Jewish law does not allow one to commit suicide nor assist in the suicide of another. The withholding or withdrawing of life support systems does not qualify as either active or passive euthanasia according to Jewish law.
There are some Reform rabbis who have advocated for assisted suicide when the patient is experiencing severe suffering and there is little to no hope of recovery; however, based upon my research these rabbis appear to be in the minority regarding rabbinical teachings.

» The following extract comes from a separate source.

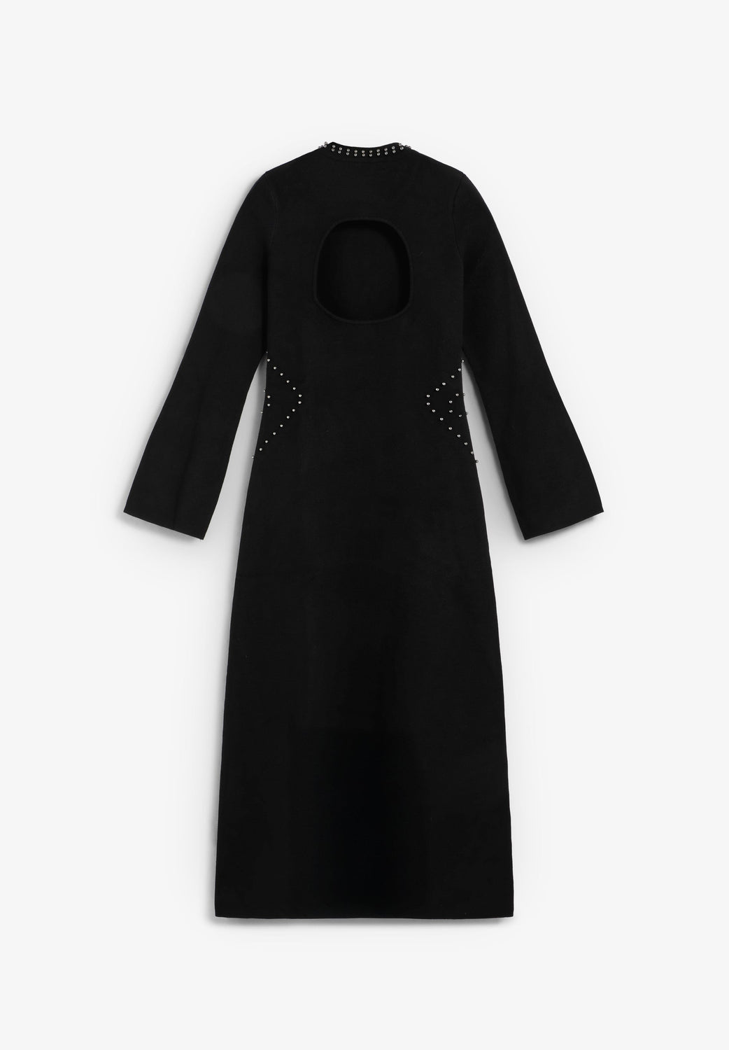 Knitted dress made of a viscoe blend. Slim fit. Round neck. Long flared sleeves. Stud detailing on ncollar eck and waist. Back vent.

In the Winter 1976 issue of Jewish Life magazine, J. David Bleich wrote an article entitled “The Quinlan Case: A Jewish Perspective” which looked at this case from the stand point of Jewish law. While Karen Ann was not Jewish, it is important to be able to reflect upon this landmark decision from the stand point of Jewish law.
For the benefit of those who are unfamiliar with the case of Karen Ann Quinlan, I will offer a brief summary. In 1975, Karen, age 21, attended a party at a friend’s home and suffered cardiopulmonary arrest after ingesting a combination of alcohol and drugs. After being transferred from Newton Community Hospital in Newton, NJ to St. Clare’s Hospital in Denville, NJ, she subsequently went into a persistent vegetative state (PVS). The hospital neurologist described her as no longer having cognitive brain function but retaining the capacity to maintain the vegetative parts of neurological function. She was able to make facial expressions, utter sounds, and maintain a normal blood pressure; however, she was unaware of anyone of anything around her. The doctors stated that she did have some brain stem function, but that, in her case, it could not support her breathing. She had been on a respirator since her admission to the hospital.
Joseph and Julia Quinlan, Karen’s parents, requested that she be taken off the respirator and allowed to die. However, the hospital refused because she did not meet the Harvard Criteria for brain death (no brain stem function). Based upon the medical standards of the time, a doctor could not terminate a patient’s life support if that patient did not meet the legal definition of brain death. According to the Harvard Criteria, she could not be declared legally dead, and the physicians believed she would die if the respirator were removed.
Joseph Quinlan went to court to be declared Karen’s guardian (since she was over 21) and to gain power to authorize “the discontinuance of all extraordinary procedures for sustaining Karen’s vital processes.” The court denied the petition to have Quinlan’s respirator removed and also refused to allow him to be appointed her guardian.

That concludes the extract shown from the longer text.